GTT (Gaztransport & Technigaz) was formed in 1994 following the merger between two French companies Gaztransport and Technigaz, both focused on the LNG shipping business. The company originally developed its membrane technologies to reduce the cost of LNG maritime transport by loading it in bulk in the LNG carrier’s holds. The holds are equipped with cryogenic coatings, or membranes, which contain the LNG at a temperature of -163°C (-261°F) and are sealed with an impermeable layer between the liquid cargo and the vessel’s hull. The design also limits cargo loss through evaporation, or boil-off.
GTT’s sustained research and development efforts have led to it designing new solutions for the LNG offshore industry, especially for LNG floating storage and regasification units (FSRU) and floating liquefied natural gas vessels (FLNG).
It is important for GTT to develop its technology to meet their customer’s requirements which are changing and evolving quickly. More resistant insulation systems are necessary to enable operations offshore (FLNG, FSRU, etc.), in order to obtain more operational flexibility or even to transport gases which are heavier than LNG.
In recent years the company introduced its Mark III Flex+ system, engineered to provide improved thermal performance. The design evolution involved the increase of the total thickness of the insulation by 20% compared to the established Mark III Flex system.
Another on-going development, which received initial approval from Class in late 2018, is GTT NEXT1, which is designed to achieve a thermal performance equivalent to Mark III Flex while using proven materials and components of NO96 system (the other GTT’s technology).
According to the company, over 30 FSRU vessels currently operate globally, with countries new to LNG imports generally favoring the concept as more economic than construction of full-scale onshore storage. The company claims that all units currently being built will also feature its technologies. As for FLNG (floating LNG) vessels, only a few are in service: GTT equipped 10 Mark III tanks to Shell’s Prelude, the world’s largest FLNG vessel, and delivered systems for Petronas’ two smaller FLNG vessels operating offshore Malaysia. In addition, GTT technologies will be fitted to the first ultra-deepwater FLNG, under construction by Samsung in South Korea for Eni’s Coral South gas field in 2,000 m (6,562 ft) water depth in Area 4 of Mozambique’s offshore Rovuma basin. The facility is due to start operations from mid-2022, producing 3.4 MM metric tons/yr (3.75 MM tons/yr) of LNG over a designed lifespan of 25 years.
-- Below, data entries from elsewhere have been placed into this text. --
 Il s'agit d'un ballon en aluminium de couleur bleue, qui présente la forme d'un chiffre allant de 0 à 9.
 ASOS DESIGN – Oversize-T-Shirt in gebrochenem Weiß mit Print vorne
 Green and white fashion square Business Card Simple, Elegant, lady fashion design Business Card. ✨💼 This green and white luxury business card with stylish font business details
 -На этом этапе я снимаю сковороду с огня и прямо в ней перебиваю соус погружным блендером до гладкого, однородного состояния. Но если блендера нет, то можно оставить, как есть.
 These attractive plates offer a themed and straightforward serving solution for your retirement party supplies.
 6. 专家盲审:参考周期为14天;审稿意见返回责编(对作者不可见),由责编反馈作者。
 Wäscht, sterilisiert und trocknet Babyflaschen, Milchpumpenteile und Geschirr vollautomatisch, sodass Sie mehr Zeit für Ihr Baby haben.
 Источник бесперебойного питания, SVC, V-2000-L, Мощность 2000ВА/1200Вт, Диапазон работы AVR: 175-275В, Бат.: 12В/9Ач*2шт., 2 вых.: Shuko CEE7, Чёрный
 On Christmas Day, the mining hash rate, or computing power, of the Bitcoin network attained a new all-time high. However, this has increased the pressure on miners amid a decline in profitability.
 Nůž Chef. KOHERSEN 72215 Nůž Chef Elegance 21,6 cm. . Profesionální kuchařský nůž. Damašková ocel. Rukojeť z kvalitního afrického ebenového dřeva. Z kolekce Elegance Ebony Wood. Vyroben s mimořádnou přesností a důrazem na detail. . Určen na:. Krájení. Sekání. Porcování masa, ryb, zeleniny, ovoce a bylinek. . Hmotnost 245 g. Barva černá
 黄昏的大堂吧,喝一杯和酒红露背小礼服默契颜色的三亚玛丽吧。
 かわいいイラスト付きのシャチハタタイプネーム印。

GTT has licensed its membrane technology to leading Far East shipyards including Samsung, Hyundai Heavy Industries, DSME, Hudong Zonghua, and Jiangnan. Last December, it also signed a technical assistance and license agreement with Wison Offshore & Marine in China to equip FLNGs, FSRUS, floating storage, regasification and power generation units and other vessels with its membrane containment systems. Teams of the licensed partners are then trained by GTT in the principles of membrane installation.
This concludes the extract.